Specifically, the wiring 302 is formed on the substrate 301, semiconductor films 303 and 305 made of, for example, polycrystalline silicon are formed thereon, and the dielectric 307, the lower electrode 308, the dielectric 309, and the silicon film 310 are formed. An upper electrode 311, a dielectric 312, and a wiring 313 are formed. The diode for selecting the memory cell constitutes a rectifying unit. For example, the n ⁺ region 304 is formed by ion implantation of the n type impurity into the semiconductor film 303, and the p ⁺ type region 306 is formed by ion implantation of the p type impurity into the semiconductor film 305.

  The main effect in this case is to increase the resistance of the silicide by using a material for the lower electrode 308 that has a low interface energy at the interface between the silicide and the lower electrode 308, as described in the first embodiment. It is possible to prevent. Specifically, when the main constituent material of the upper electrode 311 is cobalt or nickel, that is, a material that lowers the interface energy at the interface between the silicide made of cobalt silicide or nickel silicide and the lower electrode 308 is used for the lower electrode 308. By using it, high resistance is prevented. In the case where the silicide is cobalt silicide or nickel silicide, the lower electrode 308 is preferably made of silicon, cobalt silicide, or nickel silicide, and has good crystallinity (high atomic arrangement regularity).
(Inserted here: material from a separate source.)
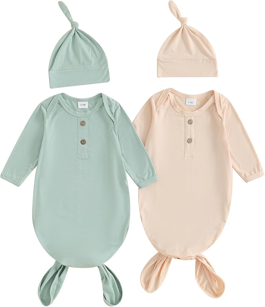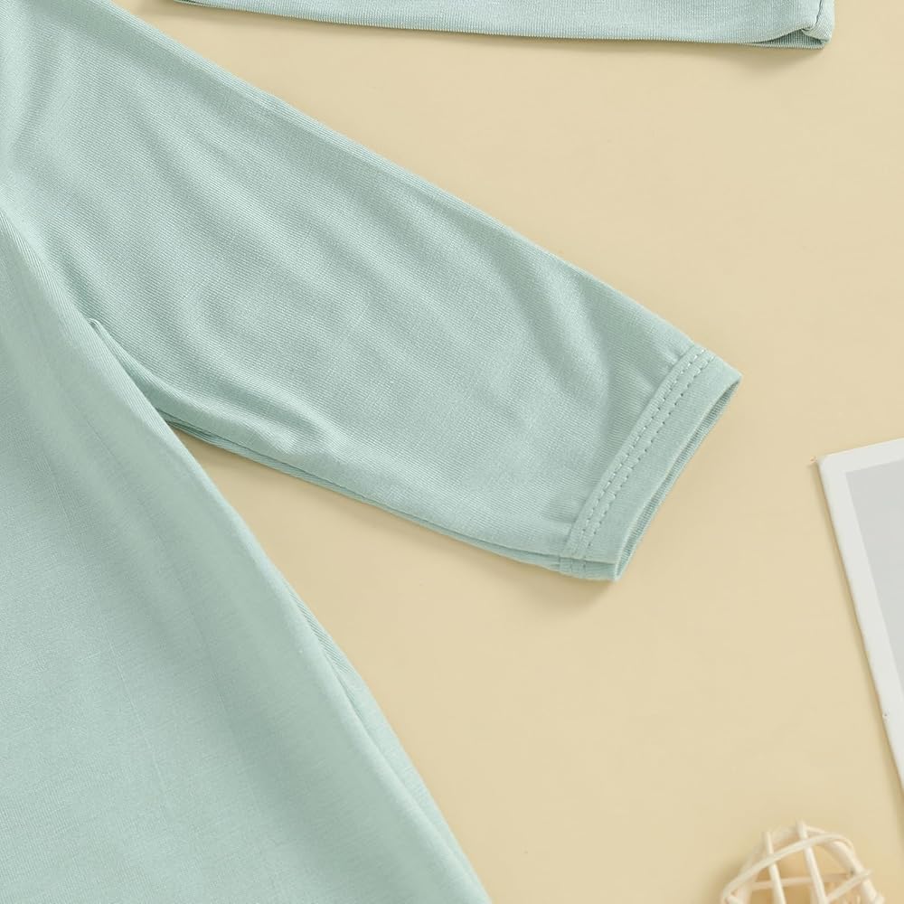 Feature: These newborn gowns for girls boys, long sleeve gown rompers in different sweet candy colors, easy diaper change, no button, zipper, or messy strings to deal with. These solid color baby boys girls knotted gown hat sets is cute and sweet for every babies

In order to improve the crystallinity of the lower electrode 308 made of any one of silicon, cobalt silicide, and nickel silicide, the main constituent material of the dielectric 307 adjacent thereto is close to the crystal structure of silicon, cobalt silicide, and nickel silicide. It is desirable to use materials. Specifically, it is hafnium oxide or zirconium oxide. More preferably, the lower electrode 308 may be any one of silicon having a strong (111) orientation, cobalt silicide having a strong (111) orientation, and nickel silicide having a strong (111) orientation. For this purpose, it is desirable to use hafnium oxide or zirconium oxide having a strong (111) orientation as the main constituent material of the dielectric 307. In order to enhance the (111) orientation of hafnium oxide or zirconium oxide, it is desirable to use a silicon substrate (referred to as a (111) Si substrate) whose surface is parallel to the (111) crystal plane.
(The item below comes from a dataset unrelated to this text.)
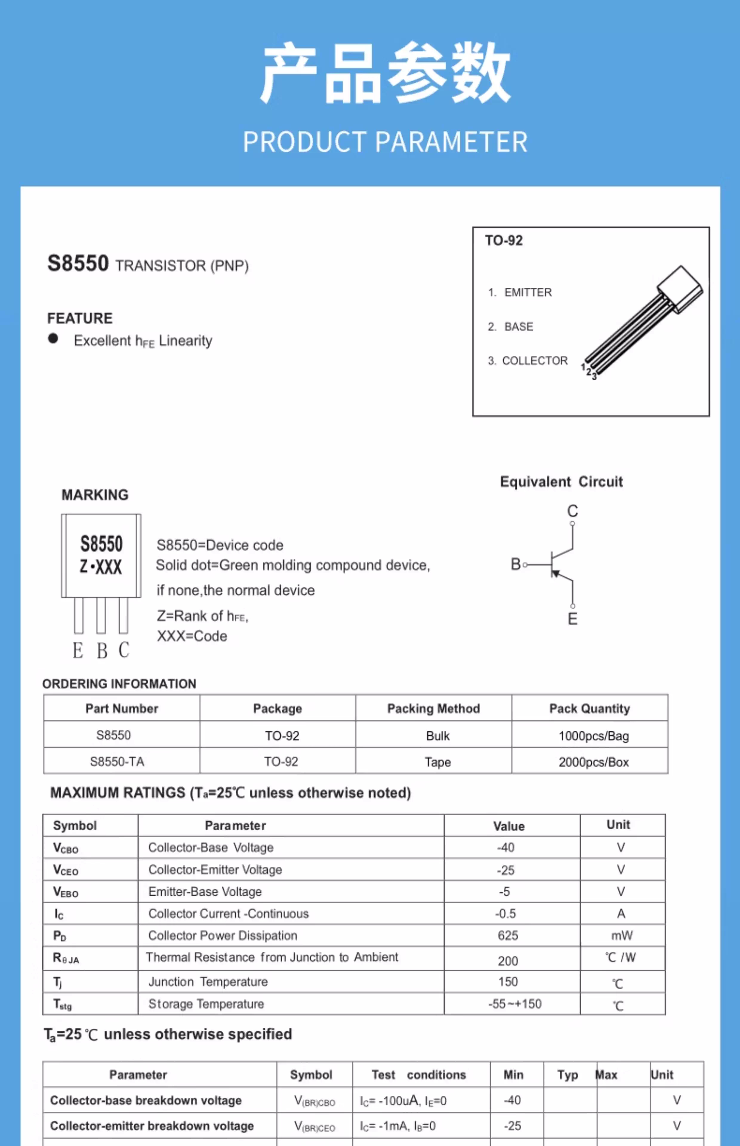 ZAVE transistor 2SA1015 plug-in PNP type (50 pieces)

  For example, Japanese Patent Application Laid-Open No. 2001-229690 discloses a semiconductor device having a mechanism for storing relief address information and trimming information in a nonvolatile memory such as a flash memory. When the semiconductor device is configured using the silicidation memory as described in the first embodiment, a reliable device having the above-described effects can be obtained. An example of a circuit diagram of such a semiconductor device is shown in FIG. This example shows an example of an SRAM memory equipped with a defect relief circuit. In FIG. 16, 403 is a chip, 401 is a silicidation memory as a program element, 402 is a relief decoder, 404 is an input / output circuit section (I / O section), and 405 is a core section. The core unit 405 includes a CPU 407 and an SRAM cell array unit 406. The silicidation memory program element 401 is preferably in the I / O unit 404 for area reduction.

  The effect shown above can be similarly shown even if the calculation conditions of the molecular dynamics simulation are changed.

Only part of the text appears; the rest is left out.